Go to the line holding "竹の先に生地をぬって焼く バームクーヘン作り" in the data below and repeat it exactly, then each line after it up to and including the one holding "ముష్టిగింజలు సేకరించిన వృద్ధురాలు". Omit pictures.

# Records supplied
==*==

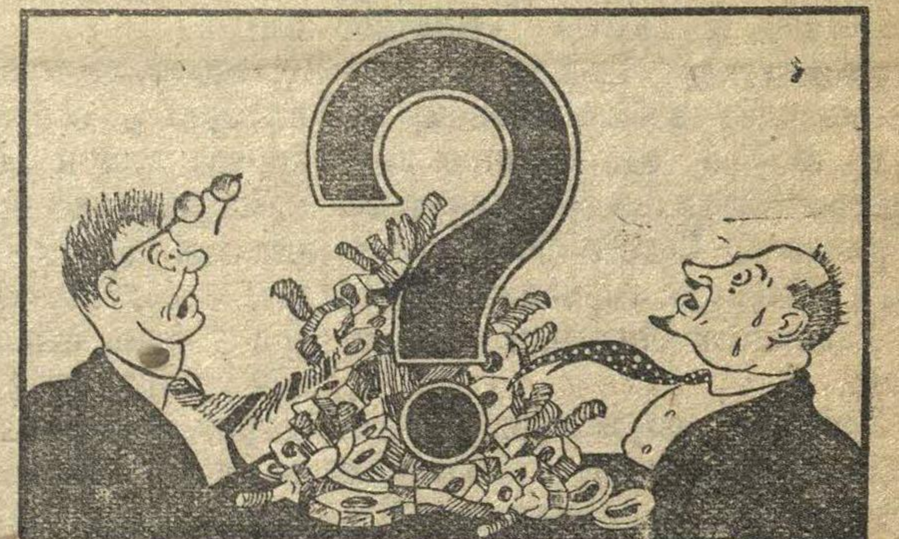
Пока изучали, выросло и брак и вопрос о браке.
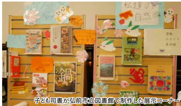
子ども司書が弘前市立図書館で制作した展示コーナー
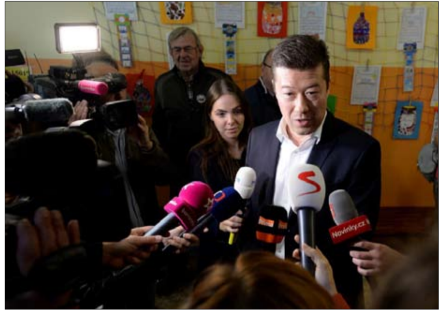
توميو اوكامورا مفاجأة اليمين المتطرف
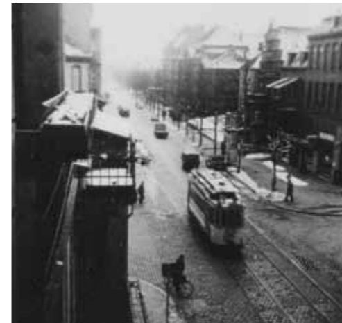
Knooper Weg / Ecke Fleethörn, 1951
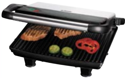
Artikel: K-311 - Bomann Kontaktgrill
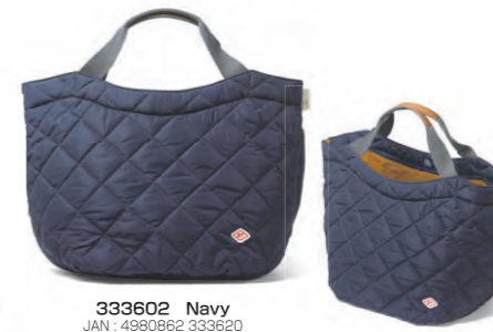
333602 Navy JAN: 4980862 333620
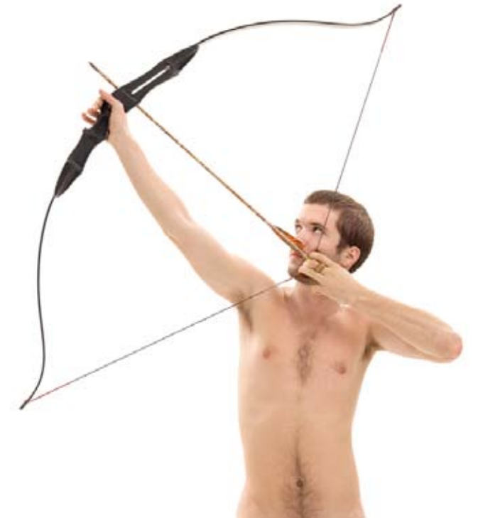
"Zen en el Arte del Tiro con Arco" (Cupido) 50 x 40 cm. Toma Directa, foto-performance. 2009.
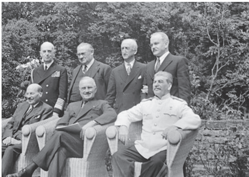
Рис. 2. Потсдамская конференция. Сидят: Клемент Эттли (премьер-министр Великобритании), Гарри Трумэн и Иосиф Сталин. Стоят: адмирал У. Д. Леги (США), Э. Бевин (министр труда Великобритании), Д. Бирнс (гос. секретарь США), В. М. Молотов (министр иностранных дел СССР)

Единственная сила на востоке, которая оставалась вне японского конфликта, – это СССР, так как номинально существовал Пакт о ненападении. Это была единственная возможность для мирного
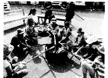
竹の先に生地をぬって焼く バームクーヘン作り
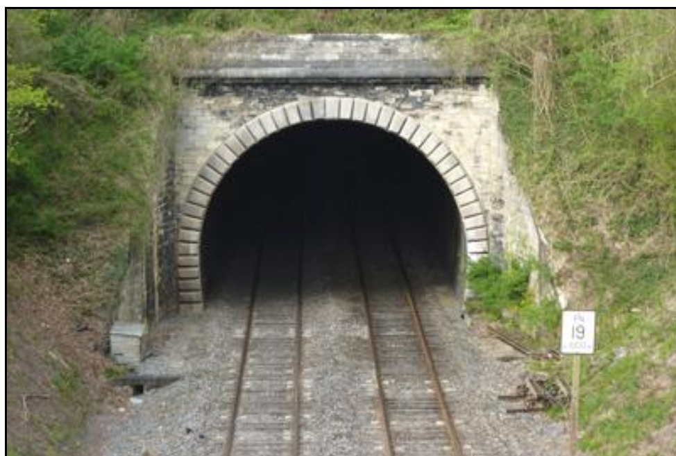
L'entrée du tunnel vue depuis le pont qui la précède
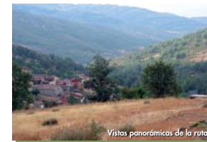
Vistas panorámicas de la ruta

Terminaremos nuestra senda disfrutando de una magnífica panorámica de los picos que rodean a Puebla de la Sierra, desde "Peña La Cabra" hasta "El Porreñón", antes de llegar al lavadero del pueblo.
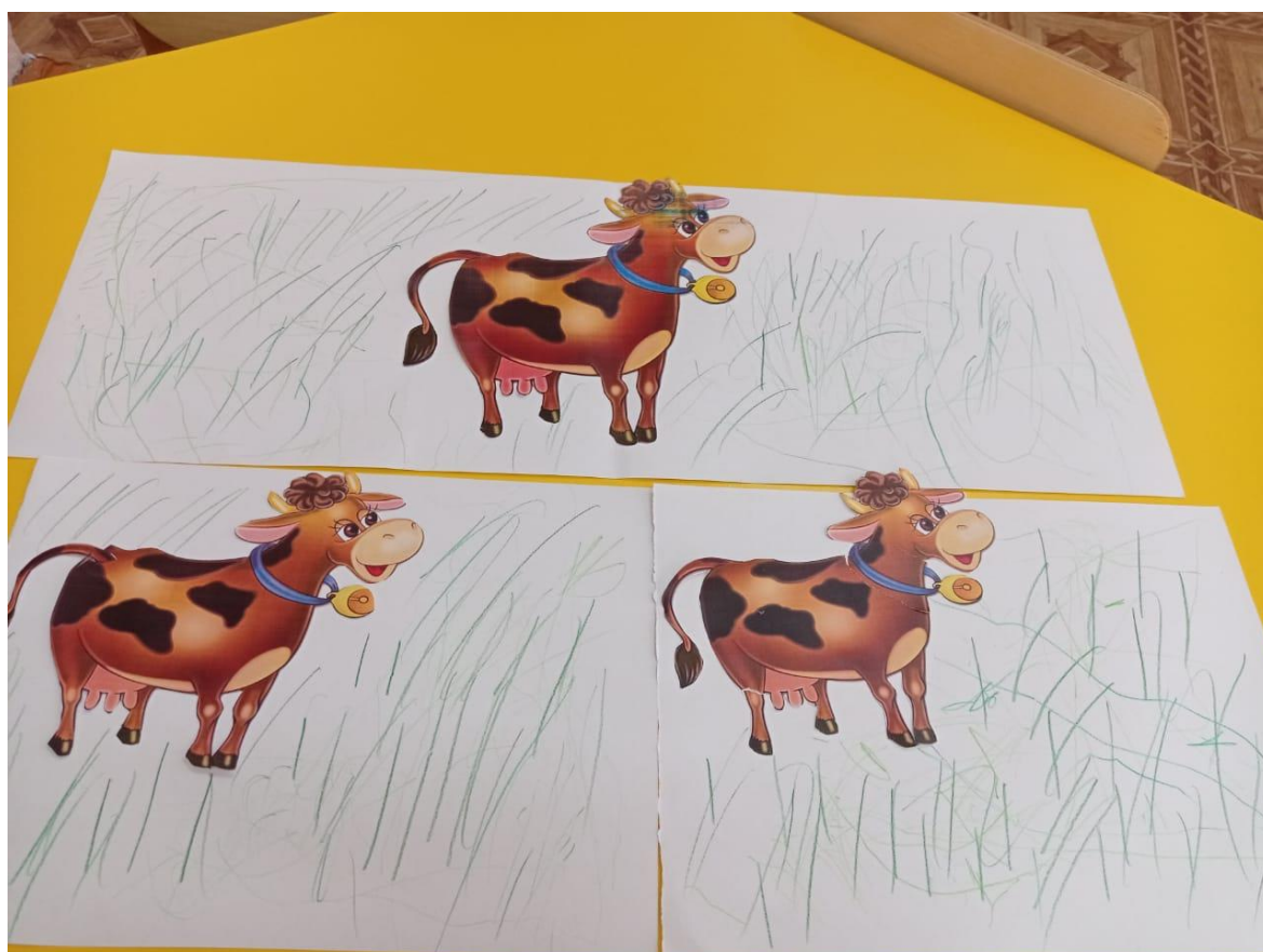
Травка для коровы
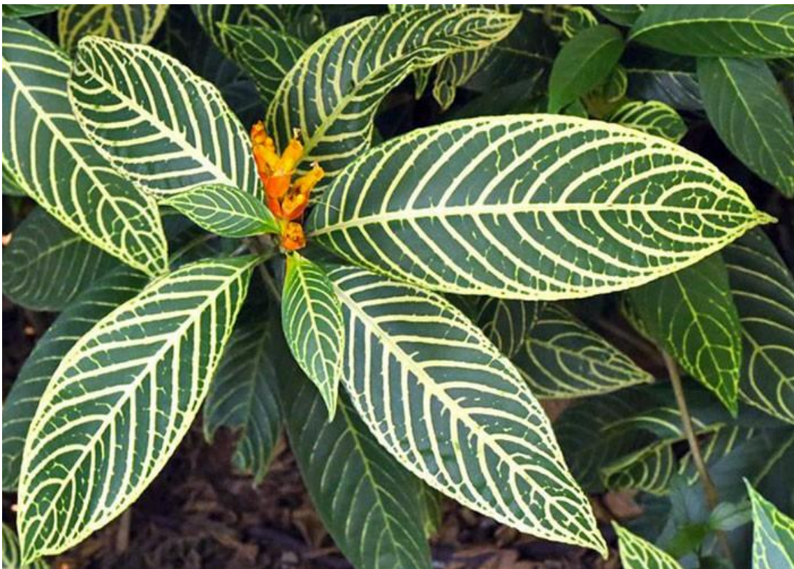
Figura 9. Aphelandra scarrosa .
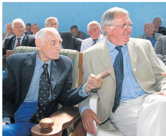
Kazimierz Górski 1974 i Antoni Piechniczek 1982 zdobyli z reprezentacją Polski medale na mundialach

W tym gronie mogli być Kazimierz Górski, Antoni Piechniczek, a na pewno selekcjoner Polski 1978 Jacek Gmoch. ©©
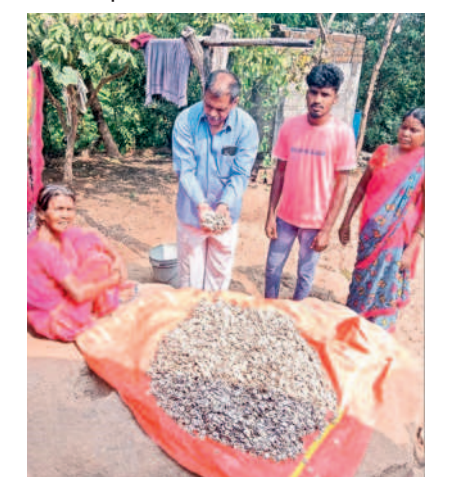
ముష్టిగింజలు సేకరించిన వృద్ధురాలు

అటవీ ఉత్పత్తులతో అడవి బడ్డలకు ఉపాధి కలుగుతున్నది. ముష్టి గింజల సేకరణ వారికి కల్పితరువుగా మారింది. వీటిని వివిధ ఔషధాల తయారీలో వినియోగిస్తుండడంతో డిమాండ్ పెరిగింది. అటవీ ప్రాంతాల్లో విరివిగా లభించే ముష్టి గింజలను ఈ నెల, వచ్చే నెలలోనే ఎక్కువగా సేకరిస్తారు. వాటిని ఏల, వచ్చే నెలలోనే ఎక్కువగా జరుగు తుంది. చెట్ల నుంచి కింద రాలిన ముష్టి కాయలను ముంపగా సేకరిస్తారు. వాటిని పగులుగొట్టి గింజలను తీసి ఎండబెడుతారు. తర్వాత వాటిని విక్రయిస్తారు. కొందరికే చెట్లపైకి ఎక్కి పండగా మాచిన కాయలను రాల్చుకుంటారు. వాటిని ఏరుకోవడం, గింజలను ఎండబెట్టడం చేస్తుంటారు. వీటిని మార్కెట్లో ఇతరులు ఎవరూ కొనే అవకాశం లేనందున జీసీసీ మాత్రమే కొనుగోలు చేస్తుంది. ఆదాయం కల్పించే ముష్టిగింజల చెట్లను సరకడం చేయరు. చెట్లు పుష్పం ఉండడంలో ఎక్కువ కాయలు లభించే అవకాశాలు ఉన్నాయి. అడవిలో ఉండే ఈ చెట్ల వడ్డకు తరచూ వారు వెళ్తున్నందున నేరగా వాటి వడ్డకే వెళ్లి సేకరిస్తారు. ఇవి వివహారితమైన గింజలు కావడం వల్ల వీటి పట్ల సేకరణదారులు జాగ్రత్తలు తీసుకుంటారు. ఇండ్లలో నిల్వ చేసుకోవడం, చిన్న బిల్లలకు దూరంగా ఉంచడం చేస్తుంటారు.
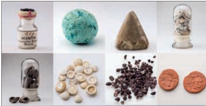
Exponate im historischen "Alchemielabor".

Die Teilnahme ist kostenlos. Anmeldung und Infos: https://forum-industriekultur.de/veranstaltungen
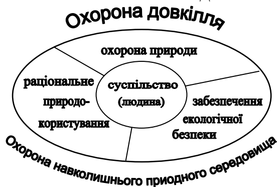
Рис.1. СИСТЕМА ОХОРОНИ ДОВКІЛЛЯ

Таким чином, постала проблема охорони довкілля як життєвого простору людини. Нині охорона навколишнього природного середовища охоплює і охорону природи, і раціональне використання природних ресурсів, і забезпечення екологічної безпеки здоров’я та життя людини (див. рис.1).
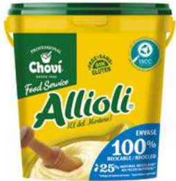
512100 Salsa alloli 4 X 2000 ML. CHOVI 4,68 € / litre
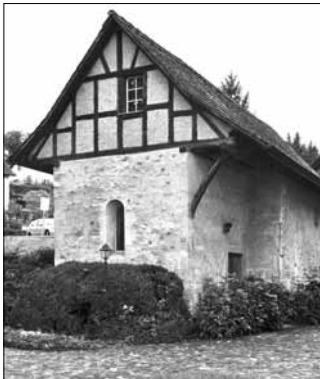
obere Kirche Regensdorf
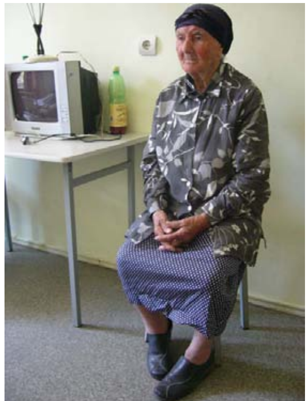
რომ არა მდიდარი თანამემამულის ქველმოქმედება, ამ ბებოს შორეული სოფლიდან ჩვენს ჯანდაცვაში არავითარი შანსი არ ექნებოდა

ოცნებას ხომ არავინ გვიშლის. ჰუმანური ხელისუფლება გლეხებსაც ჭირდებათ, ყურნალისტებსაც, სოფელშიც და ქალაქშიც.

==*==

# Response below
竹の先に生地をぬって焼く バームクーヘン作り
L'entrée du tunnel vue depuis le pont qui la précède
Vistas panorámicas de la ruta

Terminaremos nuestra senda disfrutando de una magnífica panorámica de los picos que rodean a Puebla de la Sierra, desde "Peña La Cabra" hasta "El Porreñón", antes de llegar al lavadero del pueblo.
Травка для коровы
Figura 9. Aphelandra scarrosa .
Kazimierz Górski 1974 i Antoni Piechniczek 1982 zdobyli z reprezentacją Polski medale na mundialach

W tym gronie mogli być Kazimierz Górski, Antoni Piechniczek, a na pewno selekcjoner Polski 1978 Jacek Gmoch. ©©
ముష్టిగింజలు సేకరించిన వృద్ధురాలు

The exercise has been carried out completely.